Eventually the military command sought to limit the scope of the drug war. In May 1971, Director of Pacification John Paul Vann sent a memo to senior advisers warning them not to spray marijuana growing fields in the Chau Doc, An Giang, and Se Dec provinces controlled by the Hoa-Hao sect. He feared alienating them and driving them into the hands of the National Liberation Front (the southern based resistance movement). Vann viewed the marijuana program as a bane to broader pacification efforts designed to win over the “hearts and minds” of the South Vietnamese people. The programs nevertheless continued, in part as a covert means of funneling weapons to state security forces bent on stamping out the political opposition. In this respect, the War on Drugs proved to be something of a success, especially as Congress began lobbying for cutting off aid to regimes implicated in systematic human rights violations.
In spite of the overriding failure to curb supply rates, Nixon’s drug-control formula was adopted by successive administrations, which institutionalized the War on Drugs as a crucial dimension of American national security policy. The Reagan, Bush, and Clinton administrations were fixated on international interdiction in Latin America, where chemical spraying campaigns directed against predominantly poor farmers and the use of private mercenary firms like Dyncorps bred a sustained political backlash, culminating in the election of Evo Morales to the presidency and expulsion of the Drug Enforcement Administration from Bolivia. Afghanistan became the focal point under Bush II, with similar deleterious effects. Most disturbingly, the U.S. funded Afghan police have been implicated in major human rights violations, including the brutalization and torture of prisoners and terrorization of whole communities suspected of supporting the Taliban. All the while, Hamid Karzai’s own brother, Walid, is reputed to be the biggest heroin exporter in the country along with CIA backed warlords.
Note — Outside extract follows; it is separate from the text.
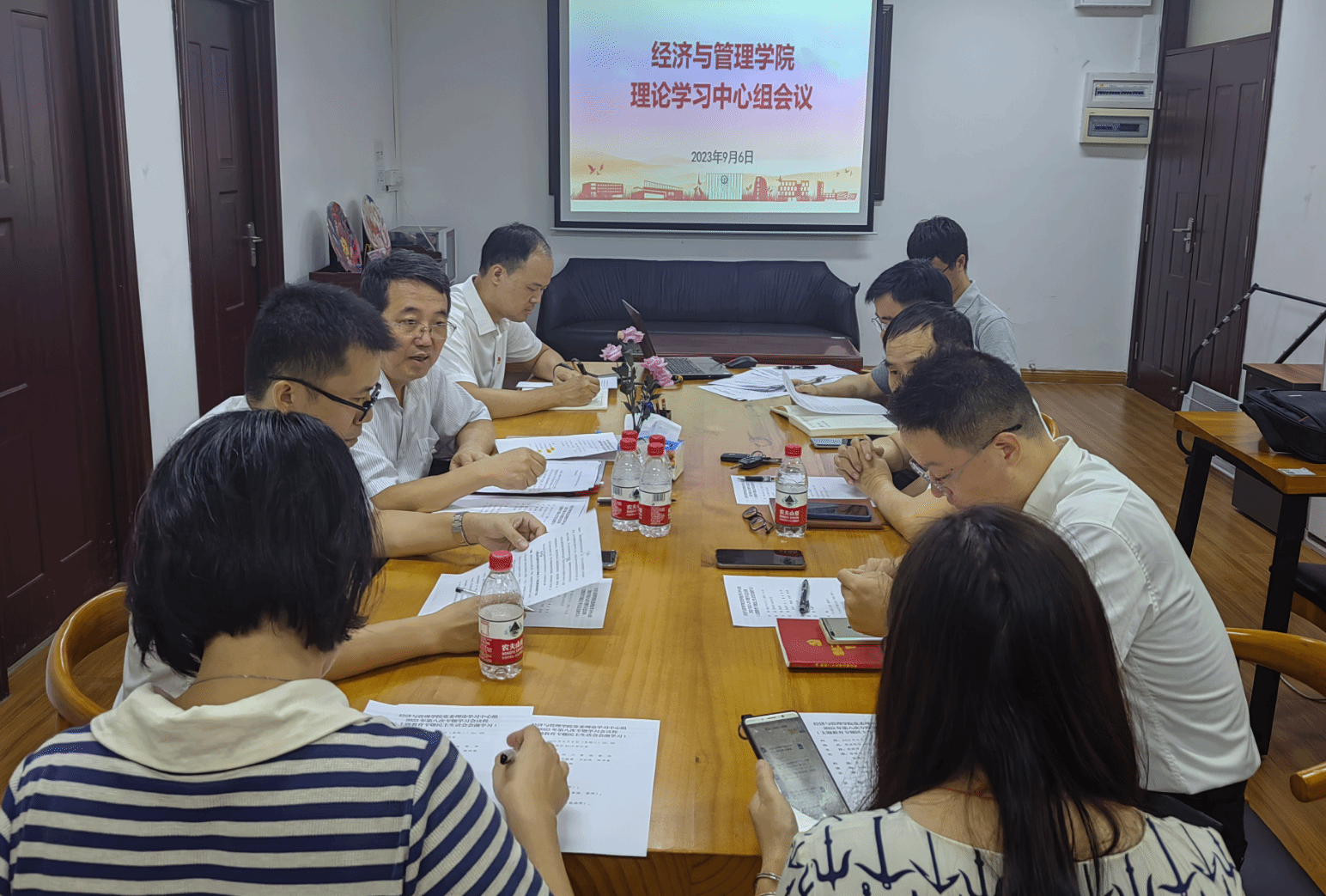 9月6日下午,经济与管理学院党委理论学习中心组于莞城校区4418会议室举行主题教育专题民主生活会会前集体学习研讨。会议由学院党委书记路晓军主持,党委副书记黄湘,副院长刘川、黎伟等中心组成员参会。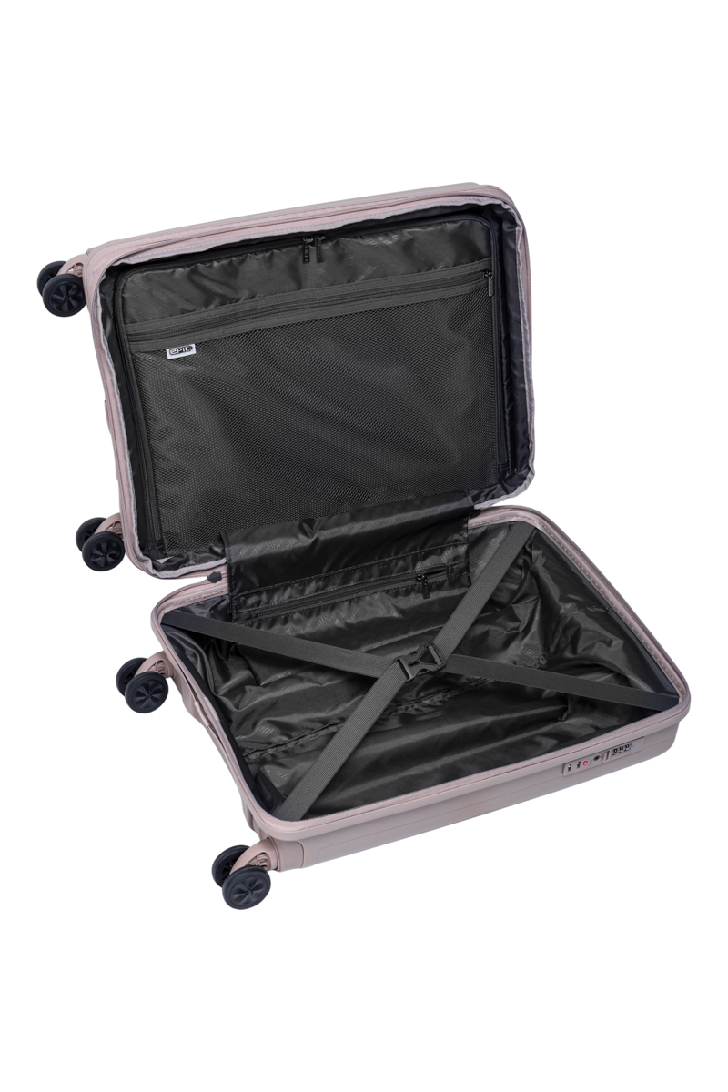 Resväskan har fullt utrustad och fodrad inredning med packremmar, avdelare och flera fickor. Allt du behöver för att hålla ordning och reda!

While acknowledging that there is no magic solution, Holbrooke has recently talked about switching to a strategy of alternative crop development. In the past, however, this approach has predominantly failed, largely because of an inability to create a viable livelihood for farmers and because the programs have often been implemented in an environmentally unsustainable and coercive way by USAID in collaboration with corrupt officials, resulting in displacement and the destruction of the rural social fabric. The U.S. should proceed with caution, and also think about finding a diplomatic settlement capable of bringing peace to a land ravaged by successive imperial interventions. This is the first and only precondition capable of curtailing the growth of the drug trade and fostering a climate in which genuine social and economic development can take root.
By Jeremy Kuzmarov
Jeremy Kuzmarov is Assistant Professor of History, Tulsa University.